Shrapnel is really only useful for grenades, and even for grenades, it is basically only useful when you get in the 15+ seconds on target range, which doesn’t happen very often, or mass-AoE situations.
Mork’s post above does a pretty good job of showing how the traits are tied so specifically to a certain skill combinations that most of the choices are virtually made for you.
Ok I had some time to talk through some of the engineer discussion. Overall Engineer is in a difficult place because they have a ton of good adept traits, not a lot of good master traits, and again a good # of grandmasters so you end up spreading points fairly diversly to get all the good adept traits but lose out on a lot of power by failing to get as many grandmaster traits. Here is what I see a lot of talk about:
Incendiary Powder
Moving this was just something that was a long time coming. It was simply forcing almost every engineer into 10 points in Explosives which was really hurting build diversity. We have tried to counter this by improving other triats that might now be reachable by dropping those 10 points. For example Modified Ammunition, Elixir Infuxed Bombs, and Armor Mods. Now all three of these lines, some more than others, have a strong reason to invest 30 points to match the strong grandmasters already in the other lines.Grenadier, Autodefense Bomb Dispenser, HGH, and Automated Response.
People aren’t using IP to the exclusion of other traits because the other traits aren’t good enough. The uses for the GM traits are very specific, and even though they may be appropriately balanced, they tend to force you to go all in on a specific thing.
It is very hard to make a good build using Elixir Infused bombs and grenadier because both of those traits push you to sit in one kit to the exclusion of everything else.
HGH is similar in that it probably isn’t worth the investment unless you have multiple elixirs, which prevents you from taking advantage of a ton of other skills and traits.

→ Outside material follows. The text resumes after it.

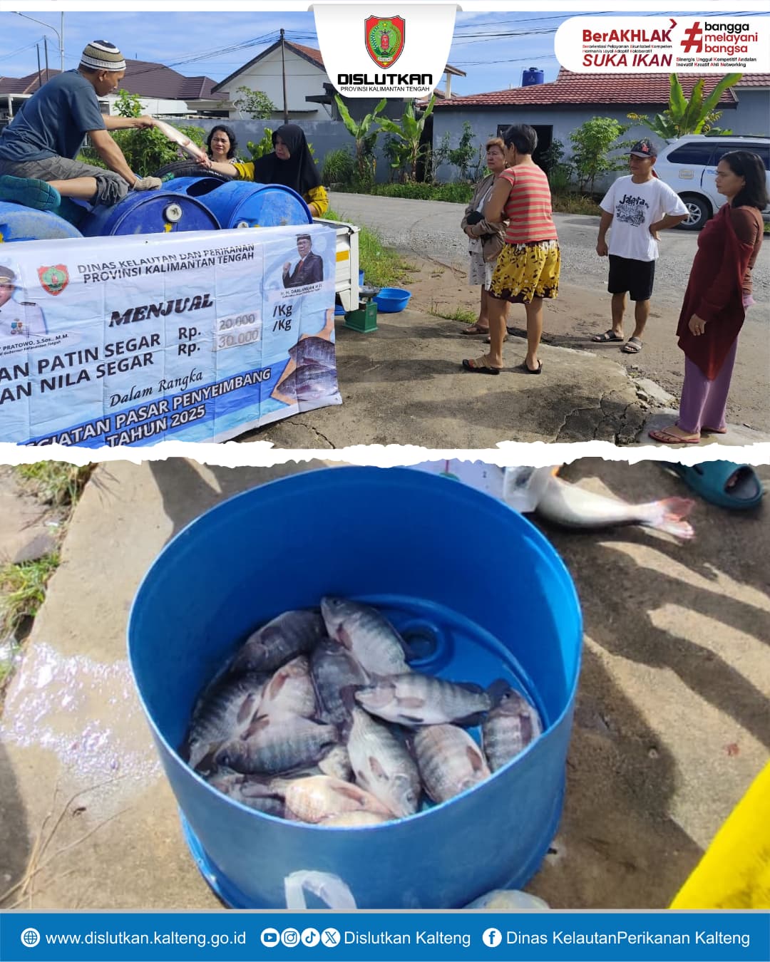 Dislutkan Prov. Kalteng menggelar kegiatan Pasar Penyeimbang Keliling dalam membantu masyarakat menghadapi inflasi dengan komoditas ikan patin dan ikan nila di Jl. Menteng X Palangka Raya, Rabu (16/04/2025)

The change to Modified Ammunition is a big help, but I suspect that it is really only going to make grenade builds even more dominant thanks to the plethora of conditions you can produce with p/p nades (blind, bleeding, poison, chill, confusion, cripple, immobilize, vulnerability, burning, and the poison field provides access to weakness as well).
Balancing the engineer is difficult because of the class design. The fact that an engineer can have as few as 1 weapon set, and potentially as many as 4 makes balancing the class a very tricky balancing act.
It seems like the design intent for the kits and weapons was to make them pretty mediocre out of the box, but allow you to spec them into something decent. What this has led to is traits like Grenadier or Juggernaut, which are nearly mandatory to make the kits function at any kind of reasonable level.
I think the overall tilt needs to be to make the traits somewhat more broadly applicable, but allow them to be more build defining than they are today.
A few examples of this just starting with the explosives line:
Grenadier – This trait is ridiculously overpowered that the kit is virtually never used without it. It is essentially “Do 50% more damage and have 25% more range” which would be completely absurd if it was on a weapon specific trait for any other class. A less grenade specific iteration would be something like “Explosives Master – Grenades and bombs cast, fly, and detonate 20% faster.” This would allow you to ramp up the damage on the stock grenade kit to make it a viable utility skill without 30 points in the tree, and allow bomb and grenade damage and quality of life to increase when fully invested.
Shrapnel – This is an extremely powerful trait for grenade engineers for long sustained damage fights, or massive AoE fighting at range. It is largely awful for bombs and mines, and useless for everything else. If this trait was tweaked to be “I want to do condition damage” by balancing the proc chance for bombs vs. grenades, it would be a good pickup for either kit in a condition build.
Forceful Explosives – Increased bomb radius used to be nearly mandatory to make bombs work. With the increased radius in the last patch, this is more of a nice to have, but it makes a very huge difference against moving targets. Again, this is totally useless for anything other than bombs today. If this trait also provided the increased range on the grenades, you wouldn’t have so much of the grenade kit’s power tied up in a single trait, and you’d also force grenadiers to choose between increased range, utility (cooldown reduction), or damage.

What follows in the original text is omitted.